Auckland Catholic Communications director Lyndsay Freer has contacted the nuns and says it is clear the girl was never in a fit state to fly, despite assurances from the Immigration Service.
The service approached her a week before the girl's expulsion, seeking an agency willing to keep the girl safe from abusive male relatives.
Mrs Freer contacted the Sri Lankan convent, but only after the service assured her that a care and protection plan for the Sinhalese Buddhist girl would be put in place by arrangement with the International Organisation for Migration.
She is now dismayed at a lack of evidence of any such plan.
"They [Immigration] have taken the easy option - I think it was just a face-saving operation."
The girl and her grandmother were taken by ambulance from the Mangere Refugee Resettlement Centre and put on a Korean Airlines plane on February 12 with just the clothes they were wearing, hours after Associate Immigration Minister Damien O'Connor reconfirmed a refusal to let them stay because of their failure to gain refugee status.
Mr O'Connor said his officials sought an independent organisation to care for the girl after accepting advice that a state-run child protection agency was unsuitable.
Ms Curtis says that despite his assurances about a well-laid plan, she understands a New Zealand television crew who tailed the girl to Sri Lanka had to help the nuns lift her out of her wheelchair at Colombo Airport after police and nurse escorts vanished to catch a return flight.
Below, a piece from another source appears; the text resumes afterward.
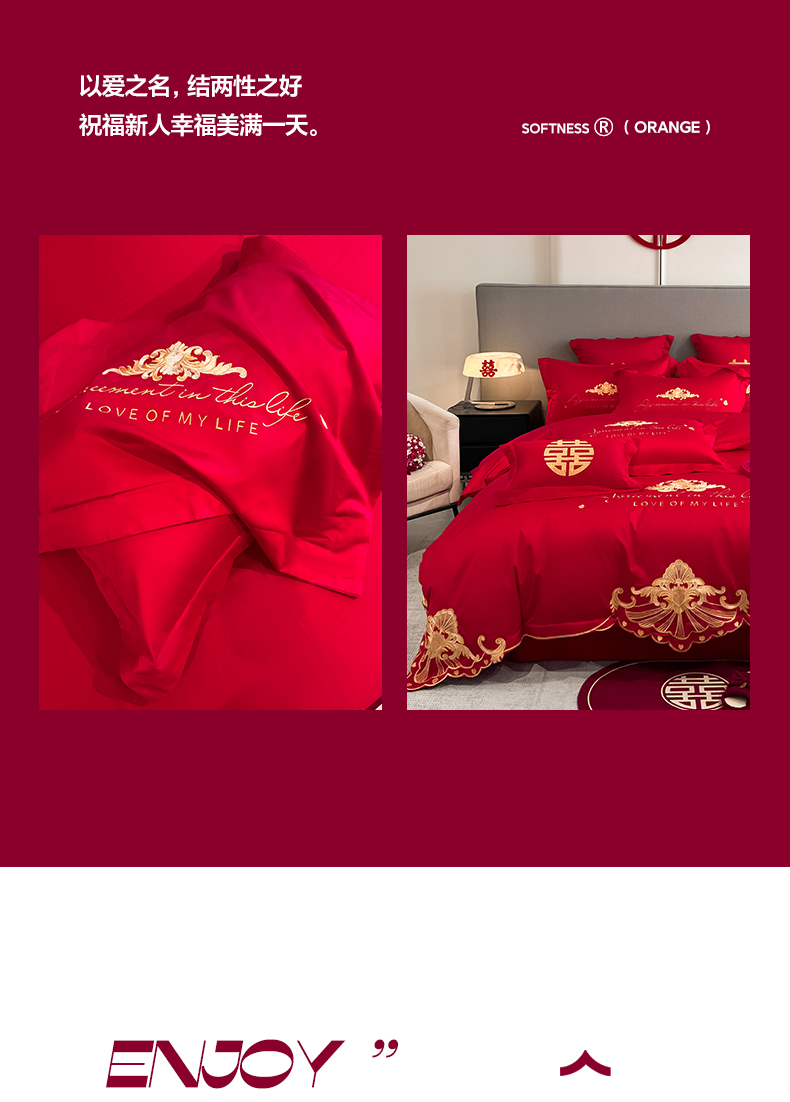 (总)欧乐蒂 2025新款全棉刺绣婚庆四件套,佳偶天成,龙凤和美,龙姿凤彩,玫瑰恋人,倾城之恋,双囍临门,甜蜜爱情,囍结良缘

The head of Immigration's border and investigations section, Arron Baker, said Mrs Freer's comments were "not consistent with reporting I've had from the sisters" in Sri Lanka.
Mr Baker said he wanted to contact the sisters directly before commenting further.
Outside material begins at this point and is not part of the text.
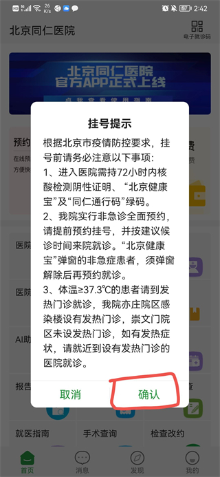 1、打开北京同仁医院预约挂号app,在首页找到并点击“预约挂号”按键后会出现挂号提示,用户要详细阅读,并确认。

Girl's family says it has been dishonoured
The family of the deported girl say she has shamed them by speaking out about being abused by relatives.
The girl's aunt, who is a lawyer, and a grandfather who live in Colombo, told the Sunday TV programme she dishonoured the entire family by speaking out.
While the aunt and her husband, a policeman, confirmed the girl had been raped and abused by relatives they discouraged her from laying a complaint.
Her grandfather said he loved his granddaughter but she was not welcome at his home. He believed her life was in danger as two of her abusers had recently threatened him.
An unnamed Sri Lankan sexual abuse counsellor said many fathers felt it was their right to rape their daughters.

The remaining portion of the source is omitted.